Official source code of Fast Point Transformer, CVPR 2022

Overview

Fast Point Transformer

Project Page | Paper

This repository contains the official source code and data for our paper:

Fast Point Transformer
Chunghyun Park, Yoonwoo Jeong, Minsu Cho, and Jaesik Park
POSTECH GSAI & CSE
CVPR, 2022, New Orleans.

An Overview of the proposed pipeline

Overview

This work introduces Fast Point Transformer that consists of a new lightweight self-attention layer. Our approach encodes continuous 3D coordinates, and the voxel hashing-based architecture boosts computational efficiency. The proposed method is demonstrated with 3D semantic segmentation and 3D detection. The accuracy of our approach is competitive to the best voxel based method, and our network achieves 129 times faster inference time than the state-of-the-art, Point Transformer, with a reasonable accuracy trade-off in 3D semantic segmentation on S3DIS dataset.

Citation

If you find our code or paper useful, please consider citing our paper:

@inproceedings{park2022fast,
 title={{Fast Point Transformer}},
 author={Chunghyun Park and Yoonwoo Jeong and Minsu Cho and Jaesik Park},
 booktitle={Proceedings of the {IEEE/CVF} Conference on Computer Vision and Pattern Recognition (CVPR)},
 year={2022}
}

Experiments

1. S3DIS Area 5 test

We denote MinkowskiNet42 trained with this repository as MinkowskiNet42. We use voxel size 4cm for both MinkowskiNet42 and our Fast Point Transformer.

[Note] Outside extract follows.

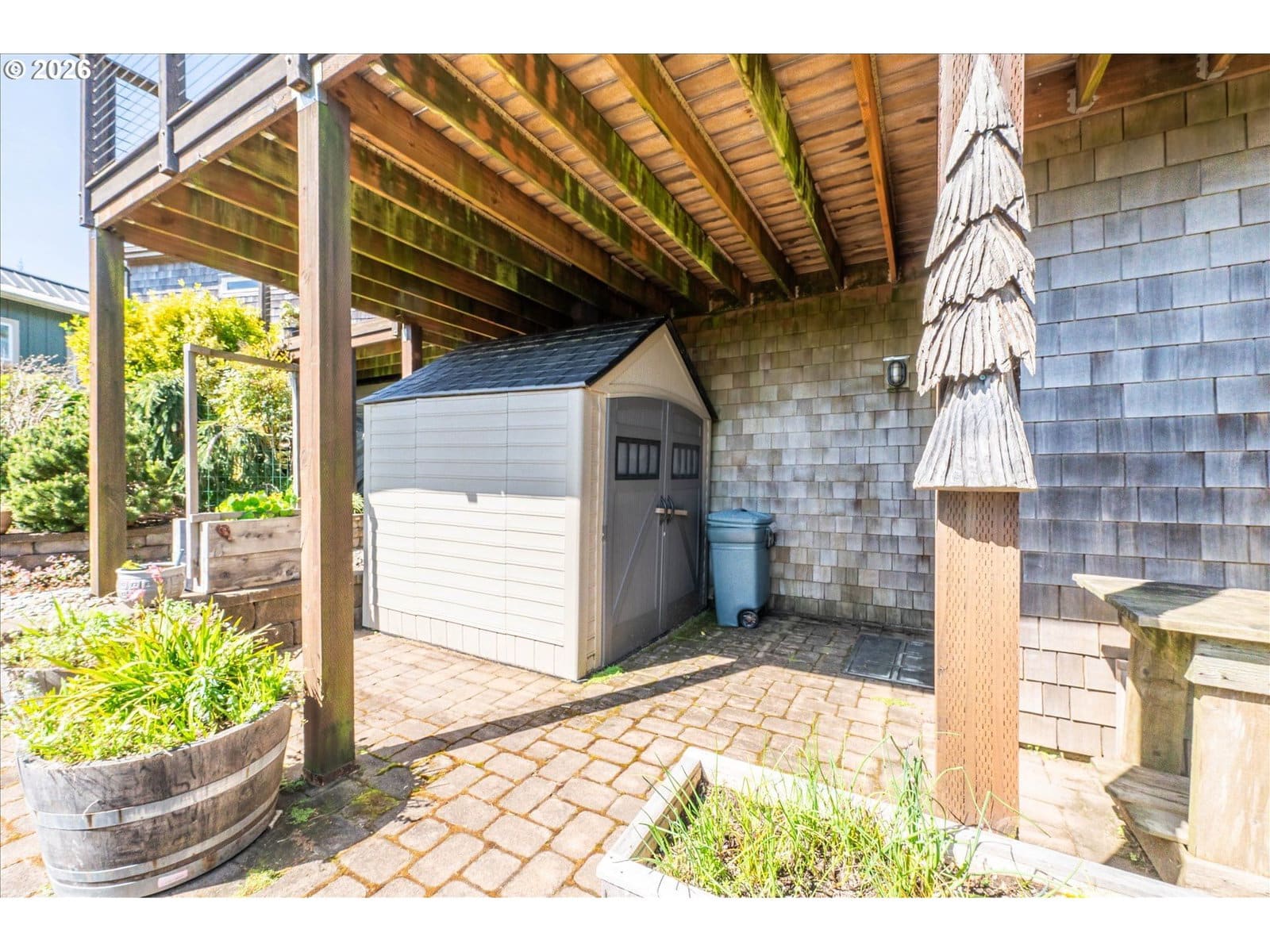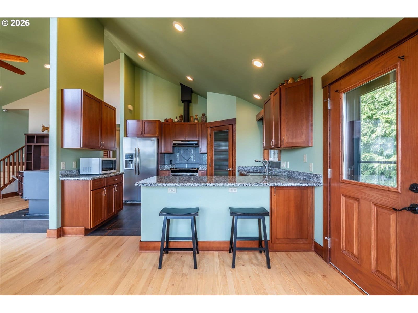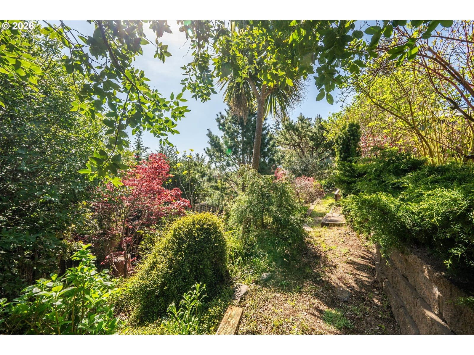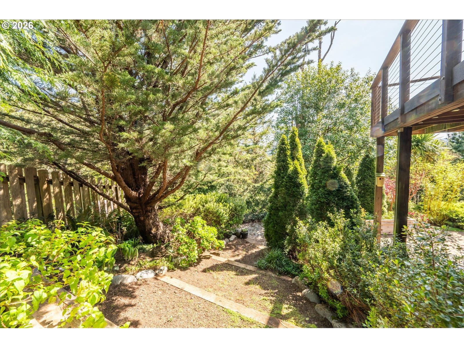 Experience the best of Oregon Coast living in this exceptional home featuring unobstructed panoramic views of both the Ocean and surrounding Mountains, just moments from Coast Guard Hill State Park. Thoughtfully designed to capture natural beauty, expansive hemlock-trimmed windows fill the home with natural light and frame breathtaking scenery from nearly every room. Inside, rich red oak hardwood floors flow throughout, complementing the warm, inviting aesthetic. The gourmet kitchen is a standout with custom cherry wood cabinetry, granite countertops, and a spacious pantry—perfect for both everyday living and entertaining. The primary suite is a true retreat, offering a private Ocean-view deck, a luxurious soaking tub, and an oversized walk-in closet. A versatile utility and craft room with a cozy woodstove adds function and charm. Step outside to a beautifully landscaped, terraced backyard featuring fencing, raised garden beds, stone pavers, and a multi-level patio—ideal for outdoor living and enjoying the Coastal climate. Additional highlights include an extra-deep two-car garage with a loft for ample storage. This property offers a rare combination of craftsmanship, comfort, and unbeatable location.

Model Latency (sec) mAcc (%) mIoU (%) Reference
PointTransformer 18.07 76.5 70.4 Codes from the authors
MinkowskiNet42 0.08 74.1 67.2 Checkpoint
  + rotation average 0.66 75.1 69.0 -
FastPointTransformer 0.14 76.6 69.2 Checkpoint
  + rotation average 1.13 77.6 71.0 -

2. ScanNetV2 validation

Model Voxel Size mAcc (%) mIoU (%) Reference
MinkowskiNet42 2cm - 72.2 Official GitHub
MinkowskiNet42 2cm 81.4 72.1 Checkpoint
FastPointTransformer 2cm 81.2 72.5 Checkpoint
MinkowskiNet42 5cm 76.3 67.0 Checkpoint
FastPointTransformer 5cm 78.9 70.0 Checkpoint
MinkowskiNet42 10cm 70.8 60.7 Checkpoint
FastPointTransformer 10cm 76.1 66.5 Checkpoint

Installation

This repository is developed and tested on

  • Ubuntu 18.04 and 20.04
  • Conda 4.11.0
  • CUDA 11.1
  • Python 3.8.13
  • PyTorch 1.7.1 and 1.10.0
  • MinkowskiEngine 0.5.4

Environment Setup

You can install the environment by using the provided shell script:

~$ git clone --recursive [email protected]:POSTECH-CVLab/FastPointTransformer.git
~$ cd FastPointTransformer
~/FastPointTransformer$ bash setup.sh fpt
~/FastPointTransformer$ conda activate fpt

Training & Evaluation

First of all, you need to download the datasets (ScanNetV2 and S3DIS), and preprocess them as:

(fpt) ~/FastPointTransformer$ python src/data/preprocess_scannet.py # you need to modify the data path
(fpt) ~/FastPointTransformer$ python src/data/preprocess_s3dis.py # you need to modify the data path

And then, locate the provided meta data of each dataset (src/data/meta_data) with the preprocessed dataset following the structure below:

${data_dir}
├── scannetv2
│   ├── meta_data
│   │   ├── scannetv2_train.txt
│   │   ├── scannetv2_val.txt
│   │   └── ...
│   └── scannet_processed
│       ├── train
│       │   ├── scene0000_00.ply
│       │   ├── scene0000_01.ply
│       │   └── ...
│       └── test
└── s3dis
    ├── meta_data
    │   ├── area1.txt
    │   ├── area2.txt
    │   └── ...
    └── s3dis_processed
        ├── Area_1
        │   ├── conferenceRoom_1.ply
        │   ├── conferenceRoom_2.ply
        │   └── ...
        ├── Area_2
        └── ...

After then, you can train and evalaute a model by using the provided python scripts (train.py and eval.py) with configuration files in the config directory. For example, you can train and evaluate Fast Point Transformer with voxel size 4cm on S3DIS dataset via the following commands:

(fpt) ~/FastPointTransformer$ python train.py config/s3dis/train_fpt.gin
(fpt) ~/FastPointTransformer$ python eval.py config/s3dis/eval_fpt.gin {checkpoint_file} # use -r option for rotation averaging.

Consistency Score

You need to generate predictions via the following command:

(fpt) ~/FastPointTransformer$ python -m src.cscore.prepare {checkpoint_file} -m {model_name} -v {voxel_size} # This takes hours.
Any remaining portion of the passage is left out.